/learned-filters

Experimental work on learning-augmented AMQs

Primary LanguagePython

learned-filters

Experimental work on learning-augmented AMQs

Technical stack

Requires bitarray, mmh3, and torch, all available on pip.

How to use

To learn how to run tests, go to the src directory and run

python test.py -h

This will display a help message that lists all of the available options.

Quick start

Run the following to see the bloom filter in action. (Use toast or sandwich in place of bloom to see how well the other filters do on the default parameters.)

python test.py -f bloom

Approach

Filter architectures

  • Bloom filter
  • Open sandwich bloom filter (Kraska)
  • Sandwiched bloom filter (Mitzenmacher)

Testing setup

The Word type

The Bloom filter needs a hashable input, and the model needs matrix of inputs in [0,1]. To meet both requirements, we use the following approach:

Our abstraction is that we are working with strings of n letters on an alphabet of size C.

The model gets a 1x(Cn) row vector of values in {0, 1} where only one of the scalars in the vector is 1, all others 0. In other words, for the letter with index 0 <= i < C, the vector has 0s everywhere except at location i, which has value 1.

The filter gets an n-element tuple of integers from 0 to C-1, which is hashable.

Note: We can convert decimal numbers to Words by using C=10, converting each number's decimal place to a letter in [0..9]

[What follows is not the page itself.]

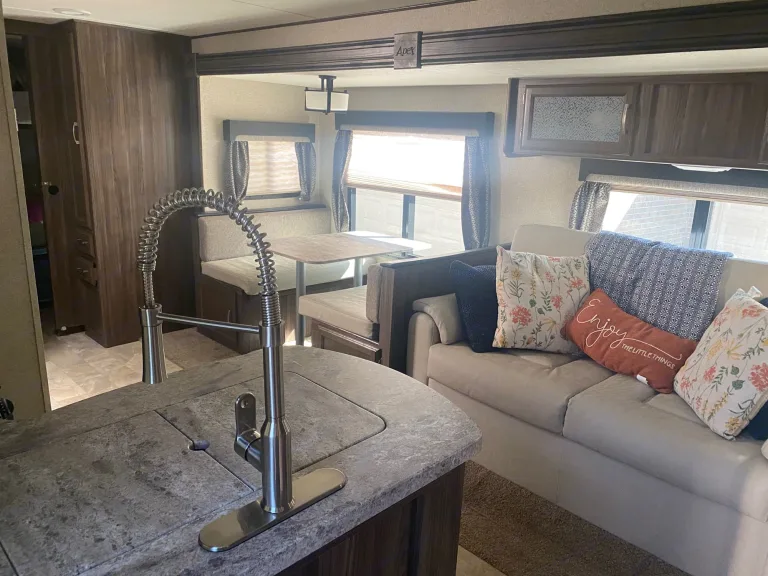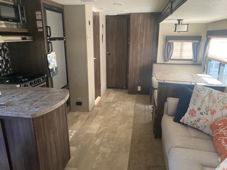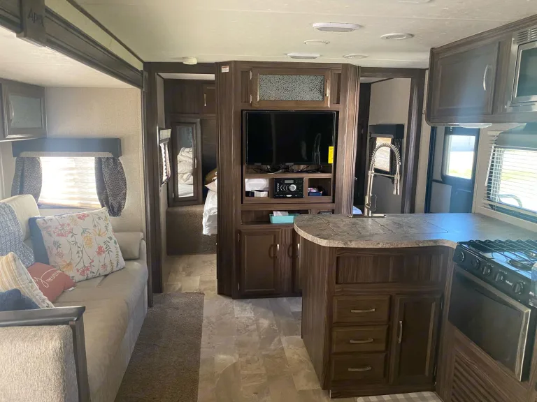 Perfect for families for quick or long getaways. This fully stocked trailer fits our family of 5 with plenty of space to invite friends and family (sleeps up to 11 if using the pull out couch bed and the dinette to bed conversion: https://www.youtube.com/watch?v=rX1lpA7XeD8). The living area is a slide out that extends the entire space and has a dining table that could be converted into a bad as well as a couch that pulls out to a queen sized bed. The TV in the living area is on a swivel, includes a Hdtv antenna, and can be turned to view from the master bedroom once the kids go to bed. The master suite offers a queen size bed that has sliding privacy doors. Charging outlet throughout the trailer for your phones and other electronics.

We handle these conversions by adding a Word type, along with WordNet and WordBloom wrappers for Net and Bloom, respectively.

Estimating model size

We estimate the size of the machine learniing model by counting the number of elements in the two matrices that comprise the model's layers, and then multiply by the size of a float in python (24 bytes).

Hyperparameters

  • heuristic for choosing tau
  • training time/epochs
  • neural net hyperparameters
  • ML model

Lingering questions

  • How much do we train the neural net / pre-filter?

TODO

  • Build overflow Bloom filter
  • Testing rig (setup sending different inputs to model vs filter)
  • Sandwich
  • Tuning tau